=== Problem ===
The entries below should be repeated exactly, with no pictures carried over.
Data listing: Begin
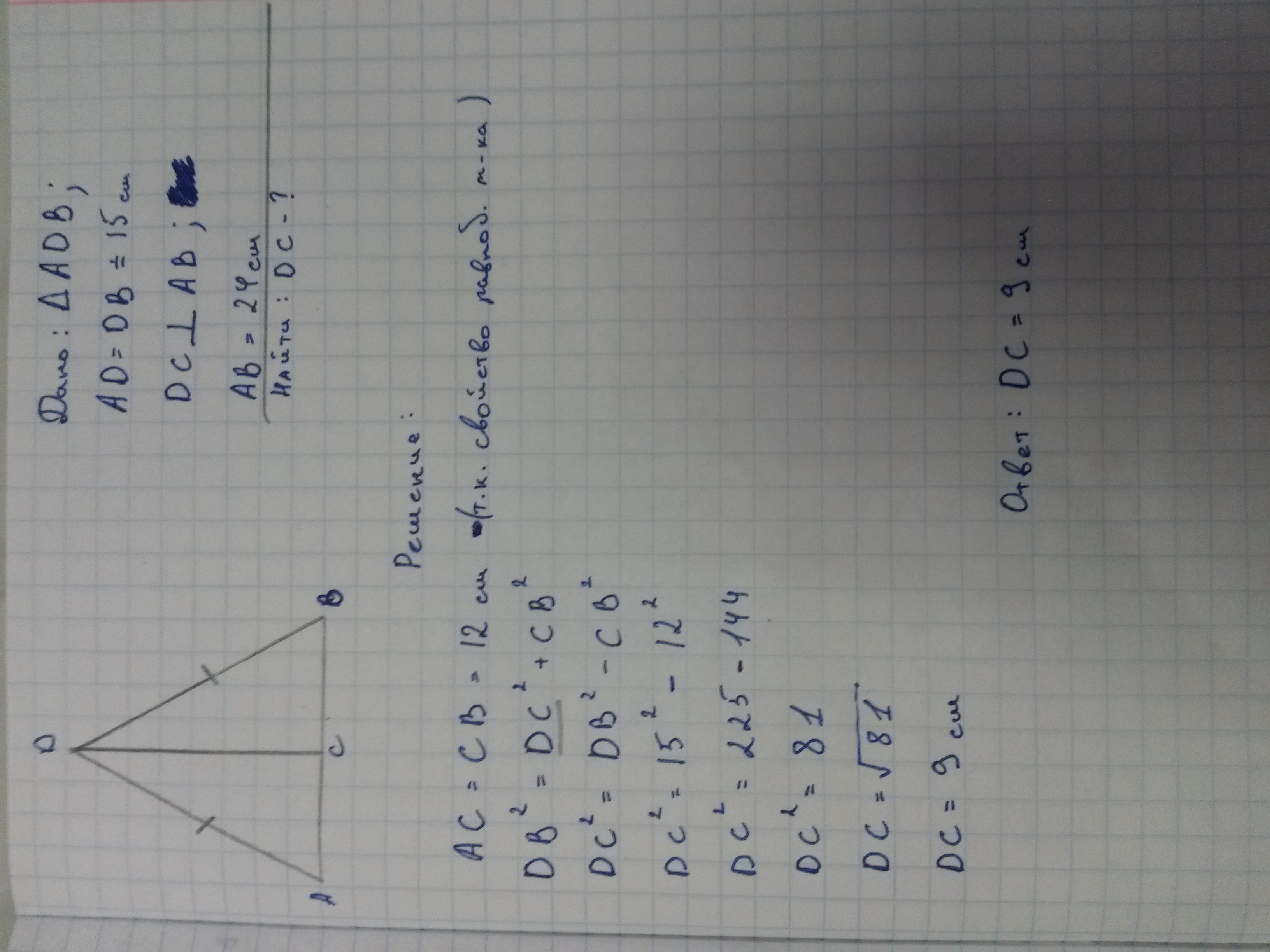 Найти высоту равнобедренного треугольника, проведенную к основанию, если стороны треугольника равны 24,15,15.
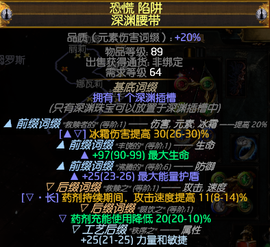 制作方法:80+物等救赎深渊腰带用庄园冰霜C/冰化石点出T1冰伤/击中冰缓伤害+生命即可,后缀随意操作,缺啥补啥。
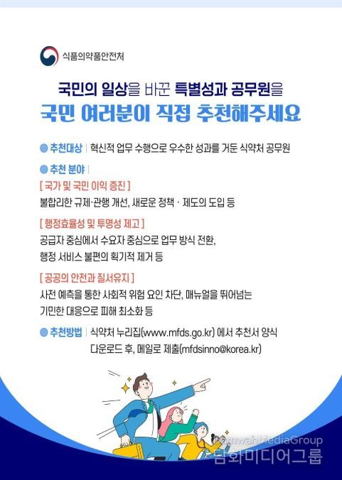 외교저널 (Diplomacy Journal) 이준석 기자 | 식품의약품안전처는 국민이 체감하는 탁월한 성과를 창출한 공무원을 국민이 직접 추천해 포상하는 ‘국민추천제’를 1월 20일부터 운영한다고 밝혔다.
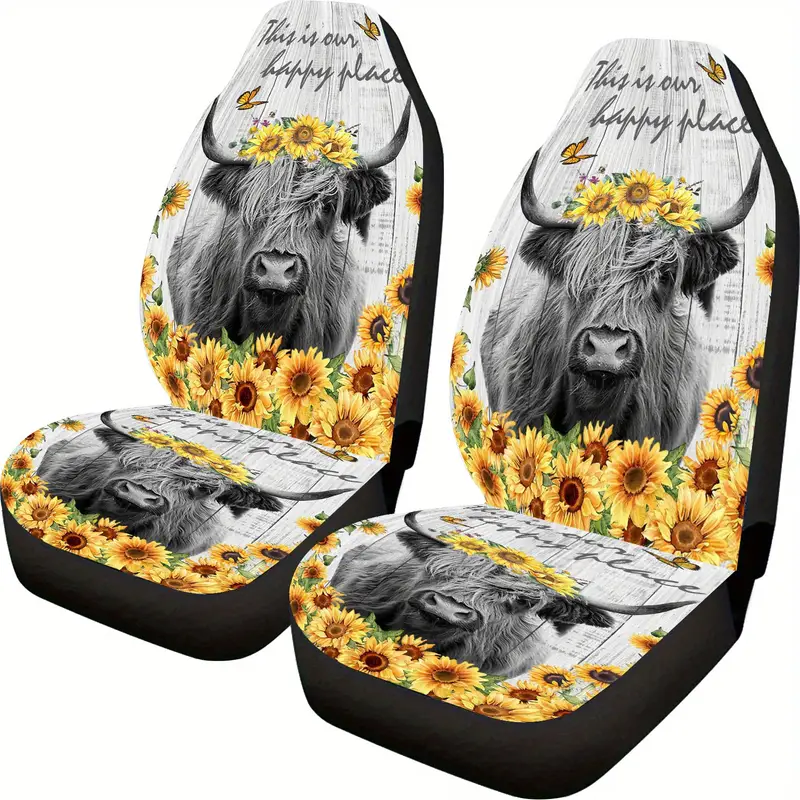 Cow Car Seat Covers Cosw This Is Our Happy Place Seat Covers Gray Yellow
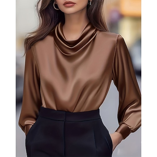 Per donna Camicia Elegant Raso/Satin Blusa Tinta unica Semplice Elegante Vintage Signore Manica Lunga Scollo a Cascata Top Regolari Quotidiano Lavoro Ferie Arricciato Patchwork Drappeggiato Marrone
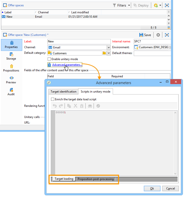 다음 Target loading 및 Proposition post-processing 후크는 Adobe Campaign에서 오퍼 공간에서 구성됩니다.
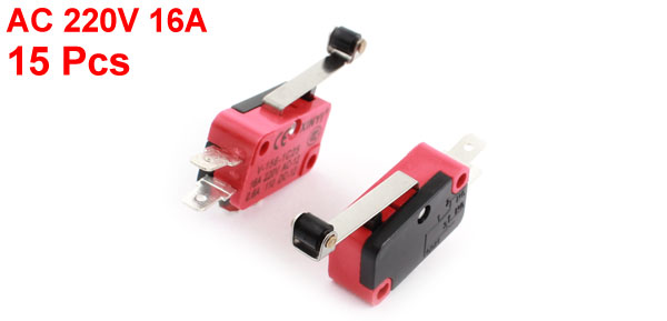 Details15 Pcs V-156-1C25 Micro Limit Switch Long Hinge Roller Arm SPDT Snap Action New  Product Name Micro Switch Model V-156-1C25 Contact Type SPDT(1NO 1NC) Pins 3 Pin Actuator Type Momentary Long Hinge Roller Lever Rating AC 220V 16A Body Size(Each) 28 x 16 x10mm/1.1" x 0.63" x 0.4"(L*W*T) Roller Size 5 x 4mm /0.2" x 0.16" (D*L) Level Length 28mm/1.1" Material Plastic, Metal Switch Color Black, Red Net Weight 108g Package Content 15 Pcs x Micro Switch
Data listing: End
=== Solution to the exercise ===
 Найти высоту равнобедренного треугольника, проведенную к основанию, если стороны треугольника равны 24,15,15.
 制作方法:80+物等救赎深渊腰带用庄园冰霜C/冰化石点出T1冰伤/击中冰缓伤害+生命即可,后缀随意操作,缺啥补啥。
 외교저널 (Diplomacy Journal) 이준석 기자 | 식품의약품안전처는 국민이 체감하는 탁월한 성과를 창출한 공무원을 국민이 직접 추천해 포상하는 ‘국민추천제’를 1월 20일부터 운영한다고 밝혔다.
 Cow Car Seat Covers Cosw This Is Our Happy Place Seat Covers Gray Yellow
 Per donna Camicia Elegant Raso/Satin Blusa Tinta unica Semplice Elegante Vintage Signore Manica Lunga Scollo a Cascata Top Regolari Quotidiano Lavoro Ferie Arricciato Patchwork Drappeggiato Marrone
 다음 Target loading 및 Proposition post-processing 후크는 Adobe Campaign에서 오퍼 공간에서 구성됩니다.
 Details15 Pcs V-156-1C25 Micro Limit Switch Long Hinge Roller Arm SPDT Snap Action New  Product Name Micro Switch Model V-156-1C25 Contact Type SPDT(1NO 1NC) Pins 3 Pin Actuator Type Momentary Long Hinge Roller Lever Rating AC 220V 16A Body Size(Each) 28 x 16 x10mm/1.1" x 0.63" x 0.4"(L*W*T) Roller Size 5 x 4mm /0.2" x 0.16" (D*L) Level Length 28mm/1.1" Material Plastic, Metal Switch Color Black, Red Net Weight 108g Package Content 15 Pcs x Micro Switch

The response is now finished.